He also talks about the subject of how more than a few truly great historians of the past stated that John Calvin was really the Founding Father of the United States. I always understood that statement that could be so easily misunderstood, and Kuyper sees why historians have said that: it's why the American Revolution was so different from its contemporary revolution, the aforementioned French Revolution.

It's always amusing when atheists try and try and try to frame the American Revolution as Deist/Atheist all the while ignoring the big fact that *their* revolution, the atheistic French Revolution, happened almost contemporaneously. That is the atheist revolution par excellence, in all its stupendous idiocy and terroristic bloodletting ending in fully expected (by any observer with a three digit I.Q.) tyranny. In this case military control.

So Kuyper sets Modernism (which came from the French Revolution) against Calvinism showing the fruits of both in world history (not least in the American Revolution and system of government in the United States), and one can see how today both life systems are still present and in conflict (Modernism having the numbers of course).

This is why I would kind of see old books of Calvinist doctrine in imagery of chainmail.

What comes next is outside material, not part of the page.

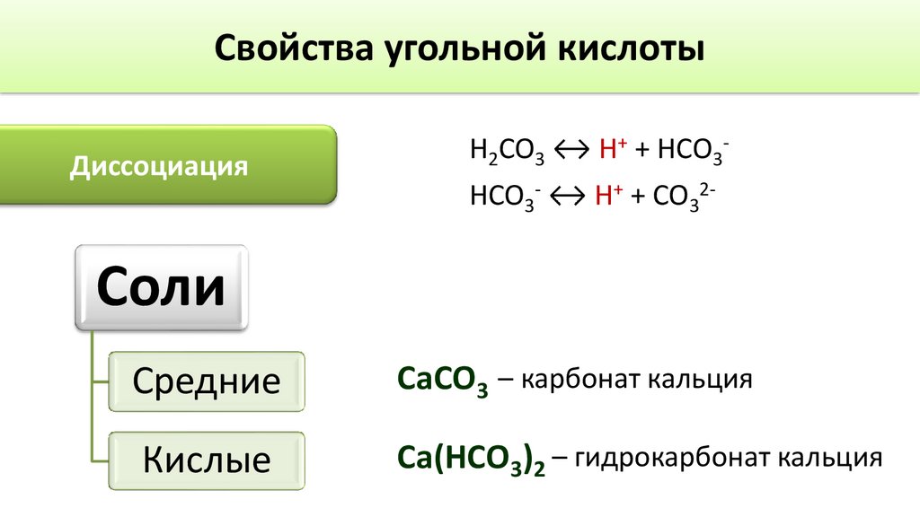 Свойства угольной кислотыДиссоциация
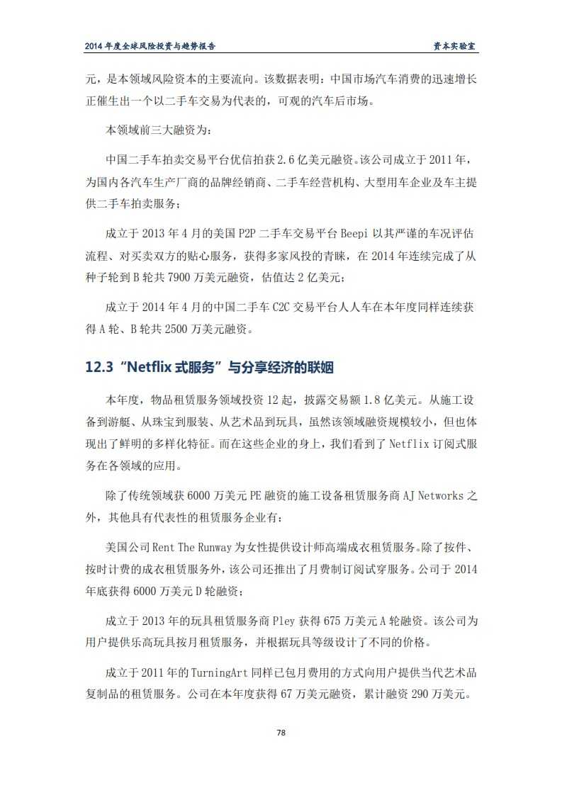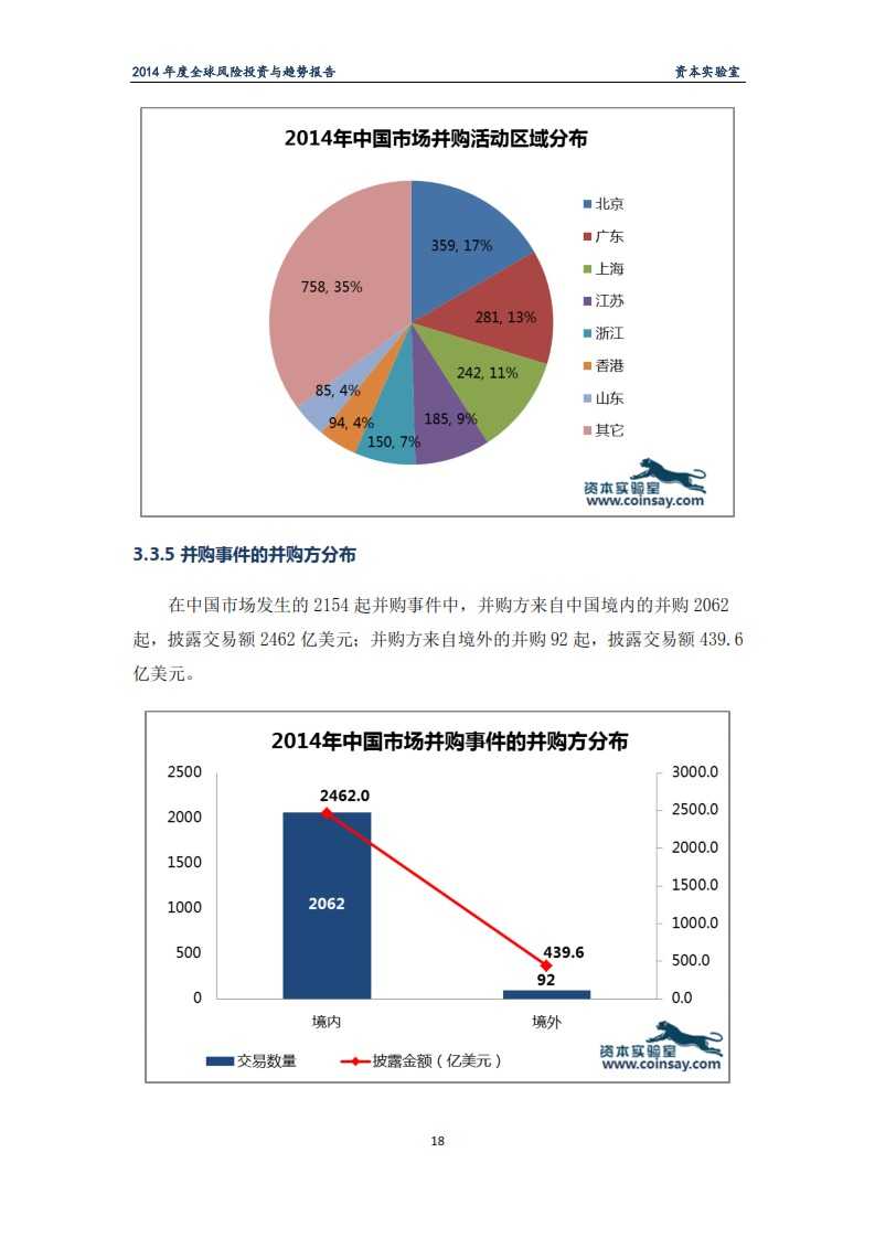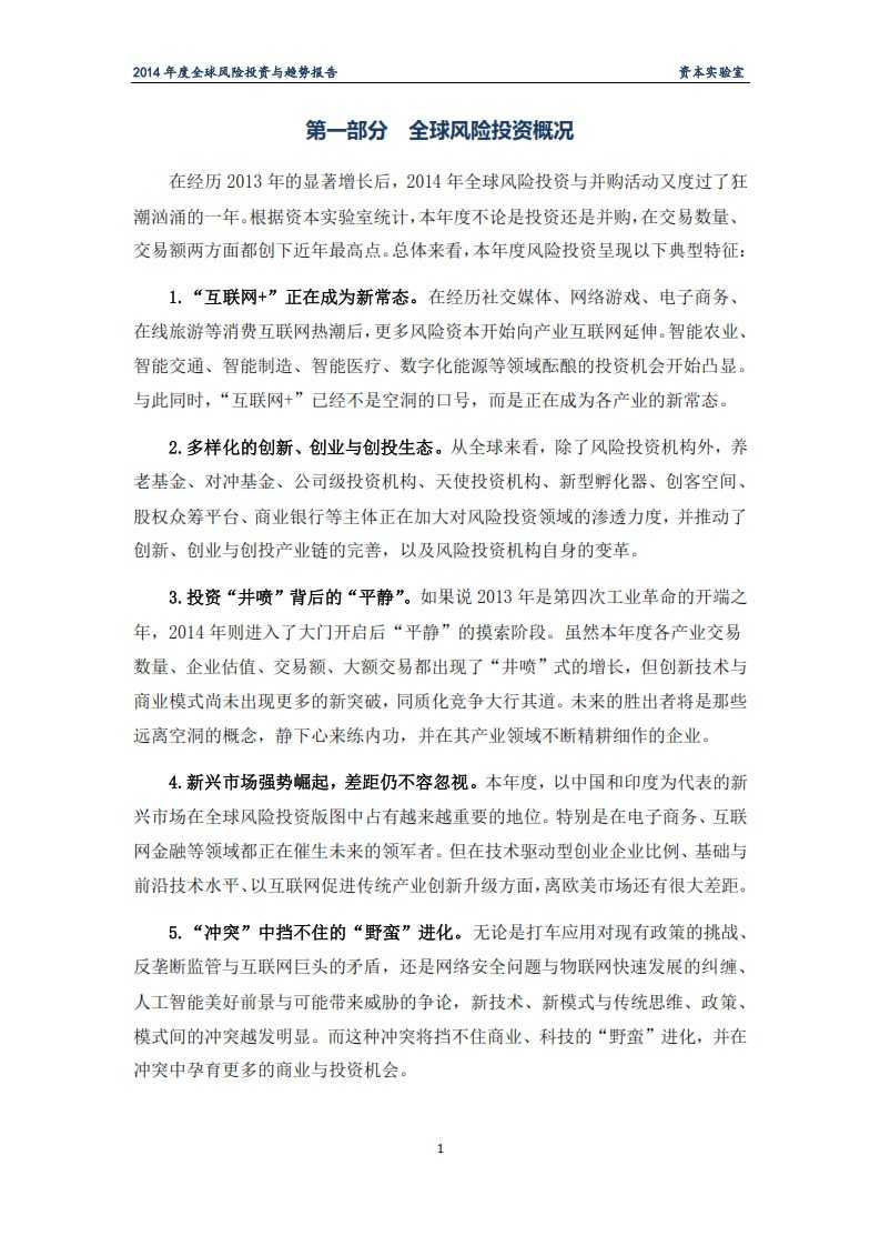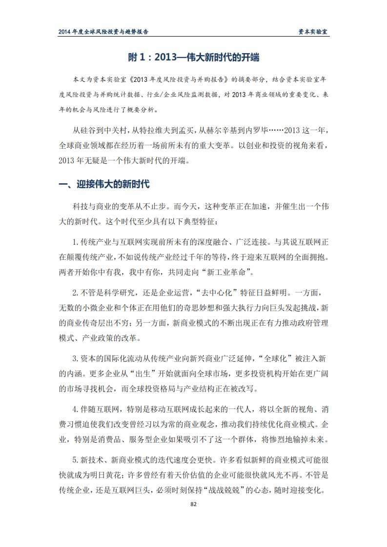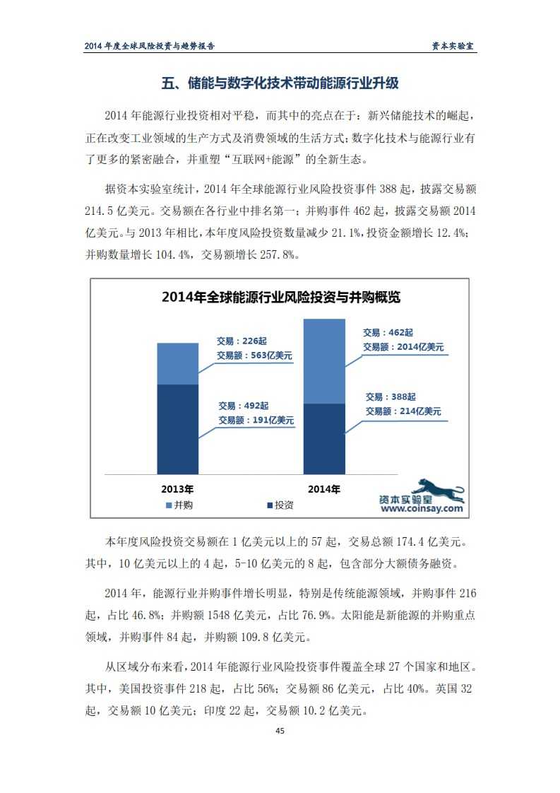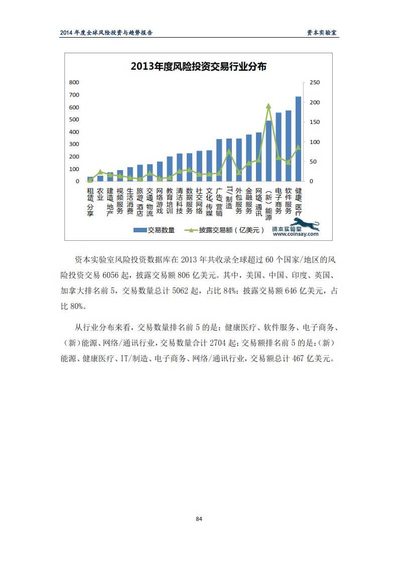 资本实验室:2014年度全球风险投资与趋势报告 更多阅读:Crunchbase:2018年中国初创企业已经获得938亿美元投资资本实验室:《可穿戴报告》之资本介入虚拟货币领域创业投资与趋势报告Crunchbase:2018年约会相关初创企业获得1.27亿美元风险投资风险投资决策过程中可能出现的认知偏差道琼斯:2014年中国风险投资总额达到155亿美元infocaptor:20年创业风险投资数据分析Venture Source:2013年Q3美国科技公司共融资81亿美元 达成806笔风投交易风险投资,相信数据还是相信直觉?Rutberg&Co:2011年美国移动营销市场风险投资金额激增商业周刊:2011年获利最丰十大美国风险投资公司中国消费趋势报告:三大新兴力量引领消费新经济Crunchbase:2025年第三季度北美风险投资总额631亿美元Dealroom:2025年意大利风险投资报告Crunchbase:2025年第二季度风险投资总额910亿美元

That could be mocked easily by anyone, an unintended metaphor, whatever, I mean it as seeing Calvinism as a complete armored position on the spiritual battlefield. And, oh, by the way, the fact that it was merely hard truth, on-the-mark, apostolic biblical doctrine was not just a bonus, but was kind of the point. Calvinism gives the complete armor of God, when armor is seen as doctrine; and it encompasses all of creation and culture.

This is a vision of Calvinism that the Calvinist churches don't have, by the way. This is a vision of Calvinism much bigger than what is taught in the Reformed seminaries today. It's something you have to feel in a battle sense and see in a culture sense. You have to have some real development to come into it. That Renaissance humanist element that the three great Protestant reformers (Luther, Zwingli, Calvin) exhibited and that is not mentioned much by modern day Reformed and Calvinist types.

In all my current worldview reading it becomes apparent that the two ground motives of any worldview are the Holy Spirit or the spirit of Satan. You can see that the Christian worldview writers kind of want to go off into philosophy play land but inevitably get pulled back to recognize that basic, foundational reality. If they are Christians. And if they are Christians to a spiritual battlefield level they will be Calvinists, and they too will see the basic types and how we are surrounded today by the soldiers dressed in the uniform of "No God Over Us!" Modernism.